However, the ultimate goal this season remains the same as it was during the previous campaign: to capture an Ivy League Championship.
The Crimson comes off a season in which it finished third in the Ancient Eight for the second consecutive year, placing behind Princeton and champion Penn.
Harvard last took home the Ivy League title in 1975.
“We fielded a strong team last year, and the vibe around this year’s squad is very similar,” Harvard coach Kevin Rhoads said. “We obviously wish some of our results last spring were better, but the culture around us is improving year in and year out and that’s a trend I see continuing into the foreseeable future.”
Despite the loss of senior captain Akash Mirchandani, the Crimson has made several key additions.
Harvard will be joined this fall by freshmen Aurian Capart, Paul Lei, a walk-on, and Seiya Liu.
The incoming class looks to bring a vast amount of talent and success to an experienced roster.
Capart, a native of Bousval, Belgium, was the winner of the Belgium National Matchplay Men’s Championship in 2013, as well as the Belgium Junior Masters Championship in 2012 and 2014.
Liu, meanwhile, was ranked 56th in the nation in the Class of 2015 by Golfweek.
This year’s team will be captained by senior Rohan Ramnath.
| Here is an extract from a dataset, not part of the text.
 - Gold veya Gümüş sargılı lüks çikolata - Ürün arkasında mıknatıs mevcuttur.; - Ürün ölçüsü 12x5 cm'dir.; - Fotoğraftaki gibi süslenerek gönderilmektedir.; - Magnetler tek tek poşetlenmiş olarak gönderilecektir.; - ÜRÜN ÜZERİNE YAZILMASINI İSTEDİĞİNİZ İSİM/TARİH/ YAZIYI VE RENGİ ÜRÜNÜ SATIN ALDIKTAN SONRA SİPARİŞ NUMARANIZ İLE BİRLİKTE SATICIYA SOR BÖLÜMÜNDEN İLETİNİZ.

Also returning to action is sophomore Gregory Royston of Durban, South Africa, who was selected as Ivy League Rookie of the Year last season.
Rounding out the squad are senior Un Cho, juniors Robert Deng, Daniel De La Garza, and Kendrick Vinar, and sophomore Hale Furey.
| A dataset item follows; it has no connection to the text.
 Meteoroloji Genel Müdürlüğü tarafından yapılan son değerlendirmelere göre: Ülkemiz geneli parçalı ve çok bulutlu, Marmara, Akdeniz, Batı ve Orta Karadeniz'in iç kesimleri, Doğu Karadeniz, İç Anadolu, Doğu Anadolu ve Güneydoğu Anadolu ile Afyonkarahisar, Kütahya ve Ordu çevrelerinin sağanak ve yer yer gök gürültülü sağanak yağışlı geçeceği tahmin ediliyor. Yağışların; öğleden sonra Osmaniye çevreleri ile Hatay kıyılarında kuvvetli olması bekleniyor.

“We’ve been practicing quite hard this year, and I’m very excited to see how the guys perform out on the course this weekend,” Royston said. “I think with our three new incoming freshmen this year plus our returning cast of veterans we could really accomplish great things.”
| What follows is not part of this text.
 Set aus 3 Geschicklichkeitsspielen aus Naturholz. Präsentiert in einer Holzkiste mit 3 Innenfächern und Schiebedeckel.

The Crimson opens the fall portion of its split season participating in the Doc Gimmler invite hosted by St. John’s University. The tournament will take place this weekend at Bethpage Red course in Farmingdale, N.Y.
Last season Harvard finished tied for sixth out of the 14 teams competing, placing behind eventual champion and Ivy League rival Yale.
Vinar also finished tied for fifth place individually at the event, shooting a combined score of 205 over three rounds.
Additionally, Harvard will make its regular trips to Dartmouth and Yale this fall for the Quechee Club Invitational and the MacDonald Cup.
One new tournament that has been added to the schedule for this year is a trip out west to UCLA during the first weekend in November for the Gifford Collegiate Championship.
The team will then take a four-month hiatus before heading to Georgia over spring break to begin the second half of its campaign.
“The UCLA tournament will feature an elite field, and I’m very curious to see how well we perform in that environment,” Rhoads said. “We’re allowed to bring six players to that event when the tournament is normally teams of five, and I think depth is really one of our strong points this season.”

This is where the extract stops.